Technology

The technology we have today is amazing.  Each day I grow older, I marvel at the new inventions, which someone perfected yesterday or this morning. All of their efforts go to making this evening more wonderful.

Often I tell my students I am too old, and I am too young.  I would have enjoyed being a part of The Greatest Generation; I think they had the most fun of all when it comes to flying, even though they got the shortest end of the stick possible with world situations in the 1940s.  I would also like to be young enough, or maybe sufficiently cognitive in my old age to see the wonderful new technologies of the future 50 or so years from now.  I always felt I was born too late, or too early.  That’s my story and I’m sticking with it.

In both my fields, writing and flying, the technological advancements over the last 40 years has been absolutely amazing.  In 1975, yes, 1975, one of the professors at the School of Journalism at the University of Florida, stood before us and said, “Newspapers are dead.”  Not the thing to say to a bunch of aspiring news reporters.

He went on to say the news of the future was going to come into every household through a device.  “Not quite a television set, but something similar,” he said.  Those of us in the classroom did not have kind things to say about this professor; many of us thought he was an idiot and wondered where he could have ever garnered such information.  There was no way the newspapers of America could possibly die – they were the backbone of our journalistic system.  Everyone knew television reporting only gave the audience the slightest details of an event and if one wanted to get to the heart of an incident, only a newspaper delivered the necessary information.

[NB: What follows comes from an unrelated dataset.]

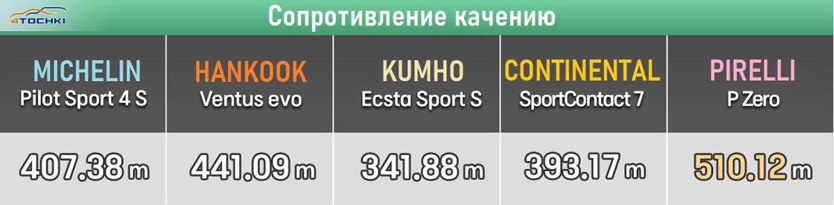 С другой стороны, самое короткое расстояние было зафиксировано у Kumho 72S. Шины Continental SC7 также продемонстрировали значительное сопротивление качению. Hankook evo продемонстрировали относительно хороший уровень сопротивления качению. Отметим, что и другие шины, которые эксперты AutoView тестировали недавно, в основном демонстрировали приемлемые показатели сопротивления качению.
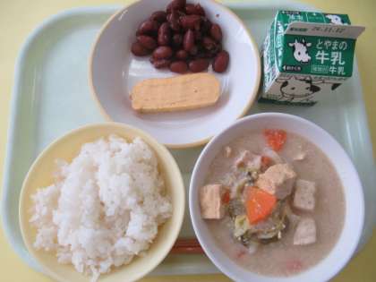 5日(火)今日の献立 公開日 2024/11/05 更新日 2024/11/05 給食室 ・ごはん ・牛乳 ・煮豆 ・厚焼き卵 ・ごま豆乳鍋 ※11時40分、検食終了。 今日も美味しく出来上がっています。1・2年生の「厚焼き卵」は、少し小さめです。 今週から? 急に肌寒くなり、お鍋料理がおいしい季節となりました。 【調べてみよう!三成っ子】 「お鍋料理」には、どんな「〇〇鍋(なべ)」がある? あなたの好きな「〇〇鍋」ベスト3は、なに?

In aviation, when I started training for my instrument rating, I flew airplanes woefully inadequate for instrument flight by today’s standards.  And I did this “in the soup,” in bad weather.  In the clouds!  Where I could not see where I was going more than half the time I was flying.

In those early days, our primary means of navigation included the VHF omnidirectional system, or VOR.  Most airplanes used in training at the time only had one VOR receiver.  This meant navigating along your course, momentarily switching frequency to another station, identifying that station, and then determining the radial you were crossing.  Then you would go back to the original frequency and continue along your way.

By the 1980s, many airplanes were equipped with high quality,  redundant radios.  And then we began to see other systems coming on line.  Area navigation (RNAV) was brilliant!  Distance measuring equipment (DME) was wonderful.  Radios became more reliable and pilots did not have to rely on that 7700 for one minute, 7600 for the next 14, and fly the last of the “assigned, expected, or filed.”

Now we have GPS – and almost every little kid and his or her grandmother knows it is Global Positioning System, or “GSP” as my mother-in-law refers to it.  Not only is this technology amazing in the airplane, I can’t believe I can take a portable unit to my car and ask it where the nearest gas station might be, or the nearest movie theater – and it knows!  For every location in the United States!

How is this possible?  And how did we ever live without it before?

Thank goodness for the space program.